A piece of World Trade Center steel is being molded into an angel in the memory of a girl who was born on Sept. 11, 2001, and died in a barrage of gunfire in the Tucson, Ariz., shooting rampage that injured Rep. Gabrielle Giffords.
The 5 1/2-foot-long fragment of an I-beam was picked up from a hangar at John F. Kennedy International Airport on Wednesday and will be trucked to Arizona in time for an April 1 dedication ceremony. The Freedom's Steadfast Angel of Love statue will incorporate artifacts from the Sept. 11 attack on the Pentagon and the crash of United Airlines Flight 93 in Shanksville, Pa., sculptor Lei Hennessy-Owen said.
The angel honoring Christina-Taylor Green will stand 9 feet, 11 inches tall. The steel from the twin towers was donated by the Port Authority of New York and New Jersey, which owns the trade center site.
"We just wanted to do something to kind of help them heal, let them know that we're going to try to support them through their grief," said Hennessy-Owen, who has created angel sculptures at the three 9/11 crash sites and other locations across the country.
She said some family members of Sept. 11 victims plan to attend the dedication.
Christina-Taylor was 9 years old, the youngest victim of the January shooting, which left six people dead and 13 wounded.

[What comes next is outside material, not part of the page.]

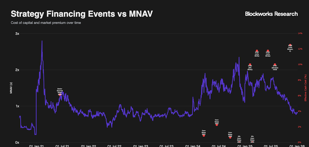 しかしながら、2025年中頃から後半にかけて、そのプレミアムは縮小し、割引(mNAV < 1)に反転し、株式連動の資金調達は困難になり、一般的な発行はBTC一株あたりの希薄化を機械的に引き起こすようになった。その結果、資金調達は高コストの優先株にシフトし、しばしば額面以下で発行され、調達資金に対して約10%から12.5%の実効キャッシュコストを生み出している。STRCの配当率は2025年8月の9%から2026年1月の11.0%に引き上げられ、チャネルを維持している。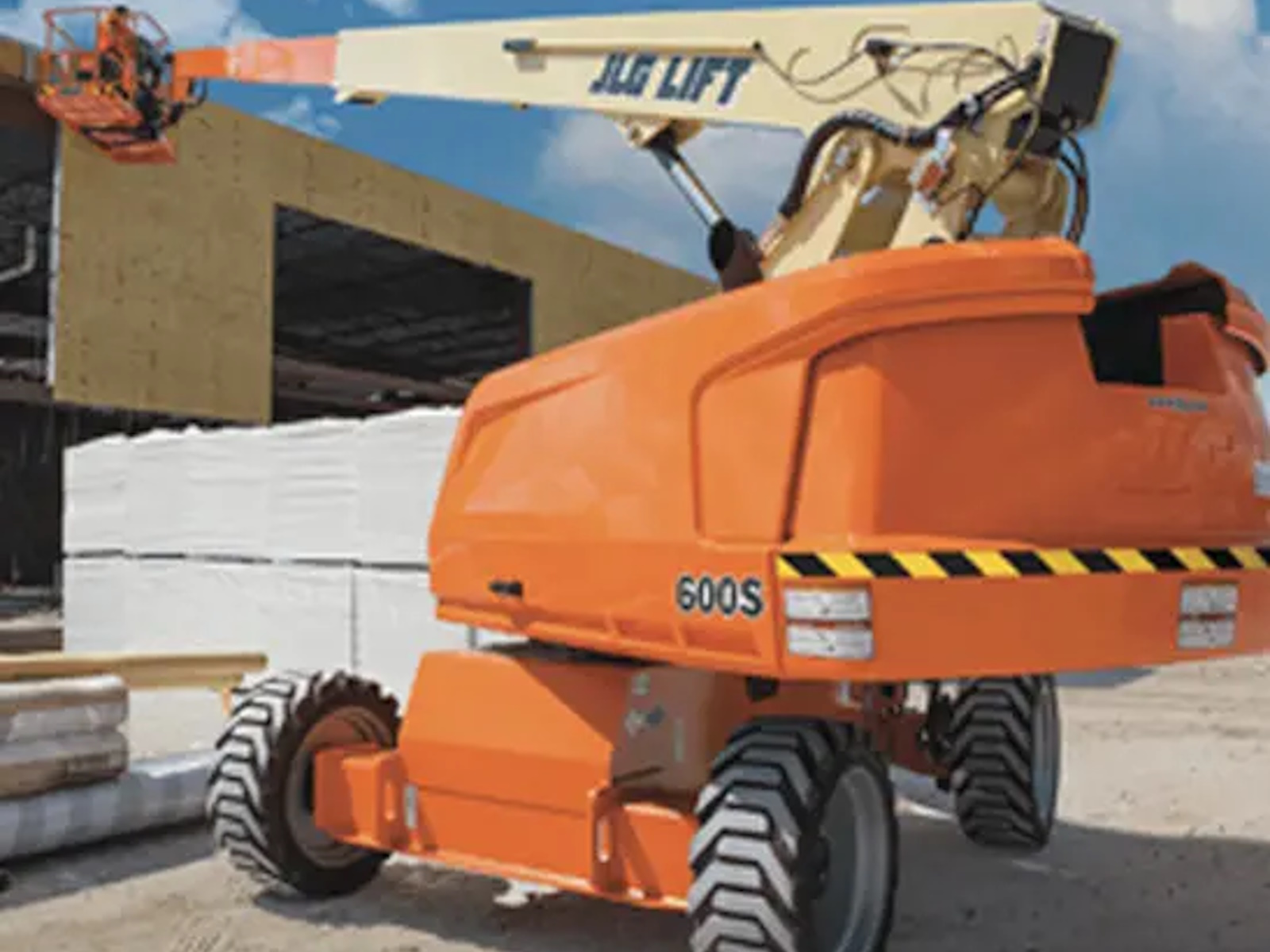 The JLG 600S is newly designed with a greater platform capacity of 600 lbs. And with faster ascent, you'll reach full height quicker for higher productivity on the job site.

Her birth on the day of the worst terror attack in the nation's history and her death in another unspeakable act of violence made her an enduring face in the Tucson tragedy, generating a tremendous outpouring of sympathy in Arizona and around the country.
Donations to her memorial fund came in from 10 countries and 43 states in the first month after the shooting alone.

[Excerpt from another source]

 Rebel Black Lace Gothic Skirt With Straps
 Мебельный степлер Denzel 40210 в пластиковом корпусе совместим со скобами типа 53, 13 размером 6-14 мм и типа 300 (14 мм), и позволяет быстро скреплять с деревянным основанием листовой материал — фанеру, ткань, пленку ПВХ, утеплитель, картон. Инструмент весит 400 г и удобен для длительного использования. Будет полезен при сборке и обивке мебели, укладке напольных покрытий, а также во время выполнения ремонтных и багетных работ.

Her statue will be installed at James D. Kriegh Park in Oro Valley, Ariz., where she played Little League baseball, and dedicated at the opening day ceremonies of the Canyon del Oro Little League.
Christina-Taylor's relatives said she was "so proud" of being on the Pirates Little League team. They said it means a lot to them to know "there will be an angel in the outfield watching over" the Little League.
"That this angel would be made from the remnants of the 9/11 attacks makes this tribute especially touching," the family said in a prepared statement. "Christina-Taylor wanted to be a symbol of hope for those touched by our nation's great tragedy on 9/11, the day she was born."
Christina-Taylor was featured in a book called "Faces of Hope," which chronicled a baby from each state born on the day terrorists hijacked airplanes and used them to kill nearly 3,000 people.
She had told her parents she wanted to attend Penn State and have a career that involved helping those less fortunate. She was the only girl on her Little League team and played second base.
Her father is a scout for the Los Angeles Dodgers, and her grandfather Dallas Green is a former manager of the Philadelphia Phillies. Many of the tributes for her have contained a baseball or Sept. 11 theme.
A park and a Little League field in Tucson have been renamed in her honor. A T-shirt patch with her initials on a baseball and an American flag and twin towers in the background has become a popular purchase across the country. The Chicago White Sox and Arizona Diamondbacks played a charity game in Tucson that honored her.
At her funeral in January, family and friends gathered under an enormous American flag recovered from ground zero.
Hennessy-Owen said the statue honoring her will incorporate, besides World Trade Center steel, a 3 1/2-foot-long piece of steel from the Pentagon and a large rock from the Flight 93 crash site.
The sculptor said she will be part of a convoy taking the materials to Arizona.